> TASK DESCRIPTION: Once you find the line with "This captivating piece" in the data below, transcribe exactly each line from there to the line with "Cada peça é", inclusive, and nothing else. Drop the pictures.

> EXERCISE DATA:

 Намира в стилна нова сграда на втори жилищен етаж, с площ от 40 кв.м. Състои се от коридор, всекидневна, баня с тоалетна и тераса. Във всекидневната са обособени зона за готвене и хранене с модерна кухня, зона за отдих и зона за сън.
---
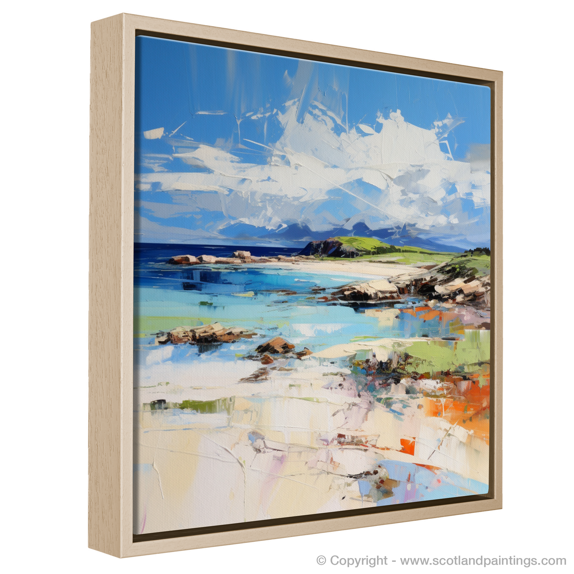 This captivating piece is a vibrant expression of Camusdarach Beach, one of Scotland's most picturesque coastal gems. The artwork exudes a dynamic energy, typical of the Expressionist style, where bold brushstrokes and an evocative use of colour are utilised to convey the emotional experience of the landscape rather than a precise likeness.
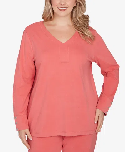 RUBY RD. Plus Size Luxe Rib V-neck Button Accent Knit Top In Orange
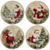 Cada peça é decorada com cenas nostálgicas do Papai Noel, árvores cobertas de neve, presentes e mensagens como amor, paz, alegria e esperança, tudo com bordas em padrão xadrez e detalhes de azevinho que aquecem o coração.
==
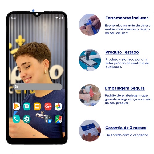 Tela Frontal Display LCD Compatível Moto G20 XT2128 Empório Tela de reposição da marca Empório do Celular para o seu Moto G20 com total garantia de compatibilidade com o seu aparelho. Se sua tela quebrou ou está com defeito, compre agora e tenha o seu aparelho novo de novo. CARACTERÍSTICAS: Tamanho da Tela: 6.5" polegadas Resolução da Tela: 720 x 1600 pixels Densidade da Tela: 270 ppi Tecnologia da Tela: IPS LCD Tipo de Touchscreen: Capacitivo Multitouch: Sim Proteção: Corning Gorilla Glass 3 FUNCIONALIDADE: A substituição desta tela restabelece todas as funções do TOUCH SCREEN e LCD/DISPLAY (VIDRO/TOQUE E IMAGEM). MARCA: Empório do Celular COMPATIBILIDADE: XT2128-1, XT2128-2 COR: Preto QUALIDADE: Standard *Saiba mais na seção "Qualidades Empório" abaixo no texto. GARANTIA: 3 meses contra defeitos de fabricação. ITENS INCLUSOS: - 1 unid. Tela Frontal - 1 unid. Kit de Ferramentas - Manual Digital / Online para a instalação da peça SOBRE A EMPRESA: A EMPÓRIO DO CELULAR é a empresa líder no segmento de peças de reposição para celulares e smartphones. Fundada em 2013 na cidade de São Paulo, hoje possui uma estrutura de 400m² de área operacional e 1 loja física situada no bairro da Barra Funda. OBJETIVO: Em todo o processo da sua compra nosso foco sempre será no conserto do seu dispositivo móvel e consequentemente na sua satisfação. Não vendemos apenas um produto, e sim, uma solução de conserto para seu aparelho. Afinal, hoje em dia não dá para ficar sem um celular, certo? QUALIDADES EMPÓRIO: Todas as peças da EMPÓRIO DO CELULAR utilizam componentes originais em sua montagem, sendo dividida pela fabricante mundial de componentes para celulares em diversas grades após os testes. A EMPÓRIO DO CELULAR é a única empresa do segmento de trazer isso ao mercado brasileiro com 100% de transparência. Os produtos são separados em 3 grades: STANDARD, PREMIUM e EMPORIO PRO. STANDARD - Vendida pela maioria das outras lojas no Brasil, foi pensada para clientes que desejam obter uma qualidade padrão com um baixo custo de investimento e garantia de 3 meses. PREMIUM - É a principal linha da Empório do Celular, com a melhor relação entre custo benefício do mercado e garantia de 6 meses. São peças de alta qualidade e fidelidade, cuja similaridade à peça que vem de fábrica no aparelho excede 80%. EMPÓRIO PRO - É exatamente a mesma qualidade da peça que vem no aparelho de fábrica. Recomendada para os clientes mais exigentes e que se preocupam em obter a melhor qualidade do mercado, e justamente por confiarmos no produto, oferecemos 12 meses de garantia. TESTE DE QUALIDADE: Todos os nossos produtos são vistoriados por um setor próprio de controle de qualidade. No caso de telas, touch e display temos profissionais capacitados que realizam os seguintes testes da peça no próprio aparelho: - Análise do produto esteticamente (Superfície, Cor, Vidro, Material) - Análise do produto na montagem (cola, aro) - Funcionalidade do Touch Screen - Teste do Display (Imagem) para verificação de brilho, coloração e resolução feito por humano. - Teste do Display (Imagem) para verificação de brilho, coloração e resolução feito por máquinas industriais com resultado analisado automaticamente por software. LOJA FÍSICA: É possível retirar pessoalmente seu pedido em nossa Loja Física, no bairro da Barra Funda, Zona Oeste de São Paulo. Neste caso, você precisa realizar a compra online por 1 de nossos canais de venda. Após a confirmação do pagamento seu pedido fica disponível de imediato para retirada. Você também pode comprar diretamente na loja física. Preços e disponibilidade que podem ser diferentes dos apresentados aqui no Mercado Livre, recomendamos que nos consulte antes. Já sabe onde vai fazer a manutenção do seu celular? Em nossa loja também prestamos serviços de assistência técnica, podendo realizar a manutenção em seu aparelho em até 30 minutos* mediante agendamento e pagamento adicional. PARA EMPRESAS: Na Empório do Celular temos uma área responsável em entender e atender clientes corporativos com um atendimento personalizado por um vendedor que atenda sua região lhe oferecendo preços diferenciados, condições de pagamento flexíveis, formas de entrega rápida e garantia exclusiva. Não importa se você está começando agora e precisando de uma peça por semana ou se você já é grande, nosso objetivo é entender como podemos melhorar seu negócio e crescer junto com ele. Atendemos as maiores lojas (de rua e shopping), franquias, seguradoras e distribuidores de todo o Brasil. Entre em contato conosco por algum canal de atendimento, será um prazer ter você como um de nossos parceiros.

> PROBLEM SOLUTION:
 This captivating piece is a vibrant expression of Camusdarach Beach, one of Scotland's most picturesque coastal gems. The artwork exudes a dynamic energy, typical of the Expressionist style, where bold brushstrokes and an evocative use of colour are utilised to convey the emotional experience of the landscape rather than a precise likeness.
 RUBY RD. Plus Size Luxe Rib V-neck Button Accent Knit Top In Orange
 Cada peça é decorada com cenas nostálgicas do Papai Noel, árvores cobertas de neve, presentes e mensagens como amor, paz, alegria e esperança, tudo com bordas em padrão xadrez e detalhes de azevinho que aquecem o coração.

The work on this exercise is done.